Sara Zewde Sows, and Dia Beacon Reaps
Sara #Sara
When it is introduced this year, the new and varied terrain of Dia Beacon, with its sculptural landforms, meadowlands and pathways, may surprise and delight.
Sara Zewde, the landscape architect who received the high-profile commission in 2021 to reimagine the museum’s eight back acres, says the goal wasn’t just dressing up Dia’s buildings with attractive plants. She sees her profession as a field “that has the skill set to take ecology, to take culture, to take people and tap into something bigger.”
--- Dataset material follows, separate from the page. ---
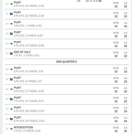 Luckily, Case Keenum was there in New York’s time of need. He threw four picks, including one on each of the Rams’ final three drives. One was returned for a TD, one set the Giants up in great field position to score their other TD, and his last was the decisive play of the game. He threw the ball up to a receiver who wasn’t there:
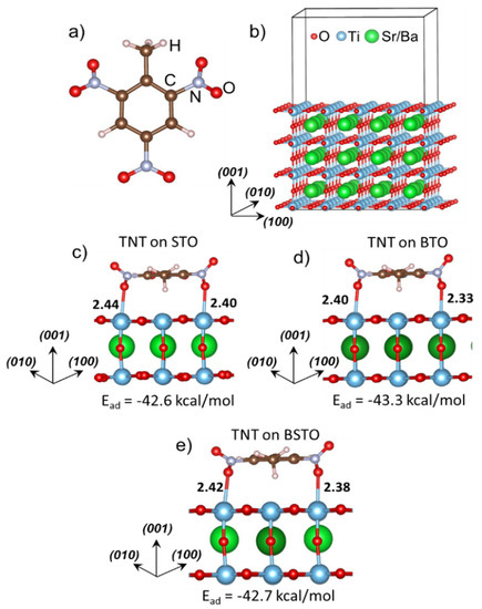 Based on energetic considerations, the TNT molecule is strongly adsorbed on the TiO2-terminated (001) perovskite surface by forming bonds between oxygen atoms of nitro groups and surface Ti cations (Figure 1c–e). In the most favorable configuration, the aromatic ring is situated parallel to the terminating plane. Energies of TNT adsorption on all three perovskites, BTO, STO, and BSTO, are very close to each other (approximately −43 kcal/mol, Figure 1c–e, Table 1) largely due to a similarity of interactions between TNT and TiO2 surface atoms, characteristic for these perovskites. The high binding energies imply that TNT can be interfaced with the perovskites, forming stable structures. At the same time, a single TNT molecule absorbed on the perovskite surface serves as a good model system to explore properties of the interfaces as intermolecular interactions. These interactions are neglected in such a model, since they are relatively weak because they are mostly defined by van der Waals forces while all electronic density is fully localized on the molecules.

Her conviction that shaping land can illuminate, rather than merely beautify, places and their stories lies at the heart of Studio Zewde, the landscape and urban design firm she founded in Harlem in 2018. Since then she has taught at Harvard University and is writing a book about her profession’s founding father, Frederick Law Olmsted, linking his vision of urban parks as critical to the future of democracy with his earlier travels through the antebellum South as a journalist and abolitionist.
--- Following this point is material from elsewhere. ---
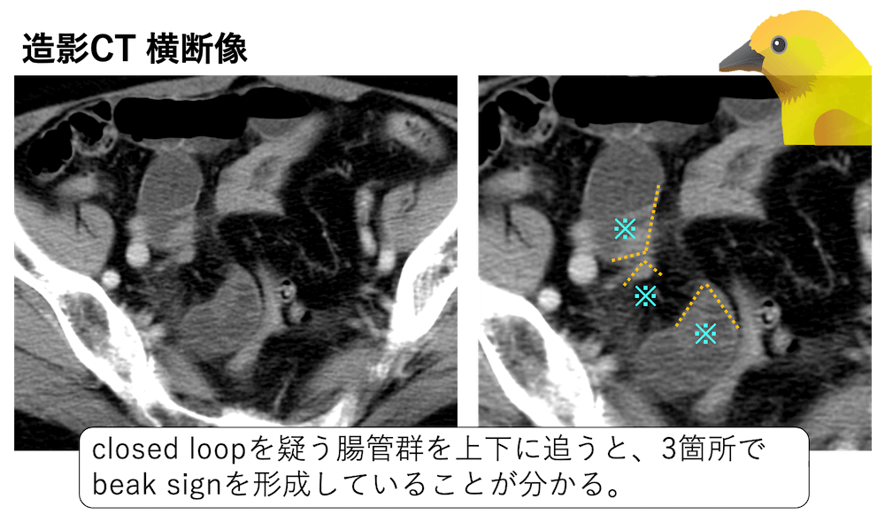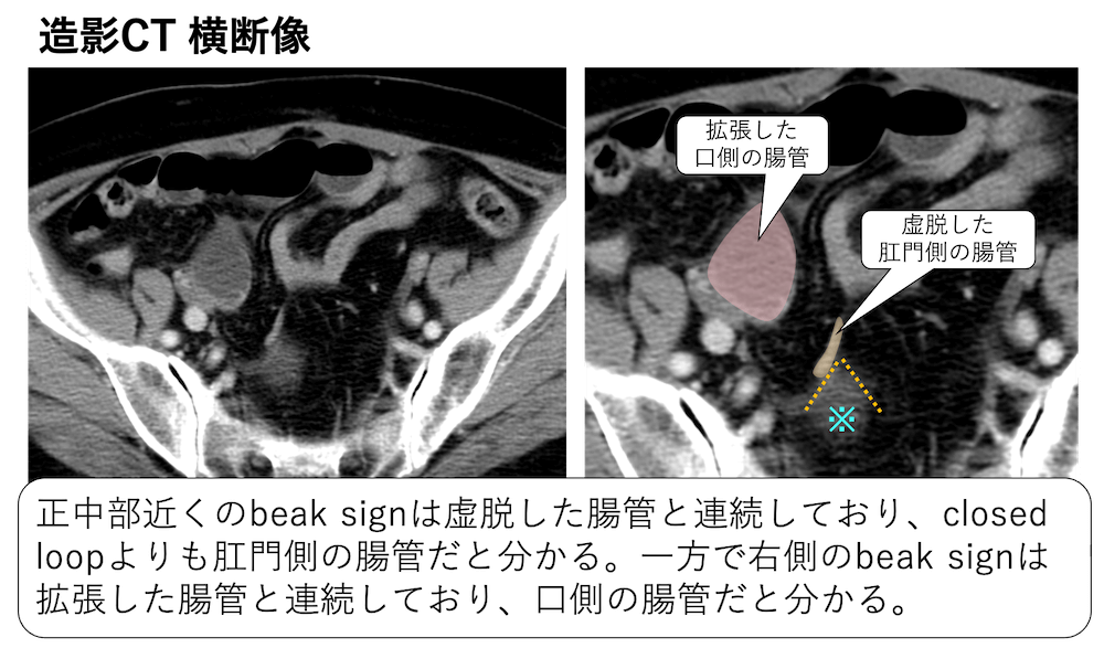 正中部近くのbeak signは虚脱した腸管と連続しており、closed loopよりも肛門側の腸管だと分かります。一方で右側のbeak signは拡張した腸管と連続しており、口側の腸管だと分かります。

“It doesn’t matter what project we’re doing, if it’s a parking lot or a museum landscape — there’s an opportunity to mobilize and provoke,” said Zewde (pronounced ZO-dee), who at 37 is one of a very small number of Black women in the field and is paving the way for others.
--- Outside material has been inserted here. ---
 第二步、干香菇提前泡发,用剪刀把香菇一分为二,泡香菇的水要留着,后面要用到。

Zewde doesn’t arrive with a singular aesthetic, and that isn’t always a good fit for those impatient to know what a project will look like. “We often don’t work well with those clients,” she said wryly in a video interview from Brazil. But her layered process was the selling point for the leadership at Dia Beacon. Situated in the sprawling former Nabisco box printing factory on 32 acres in the Hudson Valley, adjacent to the river and part of its historic flood plain, the museum houses the Dia Art Foundation’s collection of monumental works by conceptual, minimalist and land artists.